As no head-to-head trials have directly compared the efficacy of tisagenlecleucel with blinatumomab, the present study uses patient-level data obtained from existing publications^17-20  to control for available patient characteristics allowing us to estimate the impact of tisagenlecleucel on complete remission (CR) and overall survival (OS) with that of blinatumomab.

ELIANA (NCT02435849) is a global, single-arm, multicenter phase 2 trial evaluating the efficacy and safety of tisagenlecleucel in heavily pretreated children and young adults (ages 3-21 years at diagnosis) with CD19+ R/R ALL.¹⁸  Patients had to have ≥5% lymphoblasts in the bone marrow at screening, and could not have received prior anti-CD19 or gene therapy products.¹⁸  The primary endpoint was best overall response (BOR) of either CR or complete remission with incomplete hematologic recovery (iCHR) within 3 months, assessed by an independent review committee on blood, bone marrow, cerebrospinal fluid, and physical examination. Responses had to be maintained for at least 28 days. OS was a secondary endpoint.¹⁸  Most recent data are published in Maude et al (2018)¹⁸  and Grupp et al (2018)¹⁷ ; this study is ongoing.

MT103-205 (NCT01471782) was an open-label phase 1/2 trial to determine the safety and efficacy of blinatumomab in pediatric (aged 2-17 years) patients with R/R B-cell precursor ALL. Patients had to have >25% bone marrow blasts and have ALL that was primary refractory, in first relapse after full salvage induction regimen, in second or later relapse, or in any relapse after allogeneic stem cell transplantation (alloSCT). ELIANA and MT103-205 both enrolled patients with primary refractory or second or later relapsed ALL and/or relapse after alloSCT.^17,20 

In study part 1, the primary endpoint was determination of the maximum tolerated dosage, which was a stepwise escalation in dosing from 5 µg/m²/d for the first 7 days to 15 µg/m²/d thereafter (5/15 µg/m²/d).¹⁹  In study part 2, the primary endpoint was the CR rate within the first two cycles. CR was defined as no evidence of circulating blasts or extramedullary disease and <5% blasts in bone marrow (M1). CR was subclassified on the basis of recovery of peripheral blood counts (full; incomplete; neither full nor incomplete). OS was a secondary endpoint.
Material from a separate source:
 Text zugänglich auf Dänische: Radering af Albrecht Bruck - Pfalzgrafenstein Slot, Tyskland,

Primary efficacy and safety findings were published in von Stackelberg et al (2016),¹⁹  and the final analysis including patient-level data was reported in Gore et al (2018).²⁰  The study was completed in May 2016, by which time all patients had either completed the 2-year follow-up, withdrawn from the study, or died.
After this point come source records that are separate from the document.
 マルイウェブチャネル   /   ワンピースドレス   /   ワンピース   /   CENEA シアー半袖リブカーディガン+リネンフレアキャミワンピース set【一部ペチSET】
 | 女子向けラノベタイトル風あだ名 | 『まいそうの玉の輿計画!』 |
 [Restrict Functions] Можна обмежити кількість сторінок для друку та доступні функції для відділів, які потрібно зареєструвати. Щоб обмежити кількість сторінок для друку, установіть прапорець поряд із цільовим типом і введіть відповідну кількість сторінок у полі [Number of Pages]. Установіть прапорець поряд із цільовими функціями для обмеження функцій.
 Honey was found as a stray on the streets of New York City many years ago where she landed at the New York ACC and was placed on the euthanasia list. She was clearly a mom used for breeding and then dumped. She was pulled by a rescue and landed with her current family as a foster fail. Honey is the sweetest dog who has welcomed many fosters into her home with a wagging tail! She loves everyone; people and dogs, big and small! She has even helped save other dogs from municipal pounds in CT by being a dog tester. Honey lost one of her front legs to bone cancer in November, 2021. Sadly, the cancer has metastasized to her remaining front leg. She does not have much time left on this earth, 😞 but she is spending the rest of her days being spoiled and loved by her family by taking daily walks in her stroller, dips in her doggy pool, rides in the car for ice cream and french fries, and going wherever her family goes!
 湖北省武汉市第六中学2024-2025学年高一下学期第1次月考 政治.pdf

The blinatumomab dataset published in Gore et al²⁰  was chosen as a comparator to the ELIANA tisagenlecleucel dataset because patient-level data on age, prior alloSCT, number of relapses, refractory disease status, and outcomes including survival and CR were available, as reported in Table 1 of the publication.¹⁹  In addition, both were global pivotal trials with similar inclusion criteria.^17,20  The measurement time period of CR in ELIANA (best response of CR or iCHR within 3 months) is similar to that used in MT103-205 (best response of CR in first 2 cycles [12 weeks], including M1 marrow [full recovery of peripheral blood counts, incomplete recovery of peripheral blood counts, or neither full nor incomplete recovery]). Whereas ELIANA required maintenance of CR/iCHR response for at least 28 days, it is unclear whether MT103-205 had the same criteria.

All blinatumomab patients²⁰  received the recommended dose of 5/15 µg/m²/d and were eligible for and included in the current analysis. Any patient who received tisagenlecleucel infusion within ELIANA was included in the primary analysis and compared with blinatumomab. Not all patients enrolled in ELIANA received infusion due to disease progression or manufacturing reasons. To enhance rigor, all enrolled ELIANA patients, whether they received infusion or not, were included in the sensitivity analysis.
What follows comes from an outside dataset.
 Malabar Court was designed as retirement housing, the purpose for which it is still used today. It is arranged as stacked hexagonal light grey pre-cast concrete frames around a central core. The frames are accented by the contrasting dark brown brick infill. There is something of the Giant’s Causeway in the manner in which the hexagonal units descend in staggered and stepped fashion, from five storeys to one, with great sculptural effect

The CR rate is a composite endpoint. The single term CR is used in this paper to avoid confusion; details of this composite endpoint are defined here and reiterated in other sections. The definition of CR is considered clinically similar between ELIANA and MT103-205, making the endpoints comparable in our analysis. In the tisagenlecleucel cohort, the CR rate was defined as the proportion of patients with best overall disease response of complete hematologic recovery or iCHR within 3 months. This was chosen because of post-CAR-T cytopenia, which is known to occur in some patients.¹⁸  In the blinatumomab cohort, the CR rate was defined as the proportion of patients within two treatment cycles (12 weeks) with M1 marrow (no evidence of circulating blasts or extramedullary disease and <5% blasts in bone marrow) with either full recovery of peripheral blood counts, incomplete recovery of peripheral blood counts, or without full or incomplete recovery of peripheral blood count.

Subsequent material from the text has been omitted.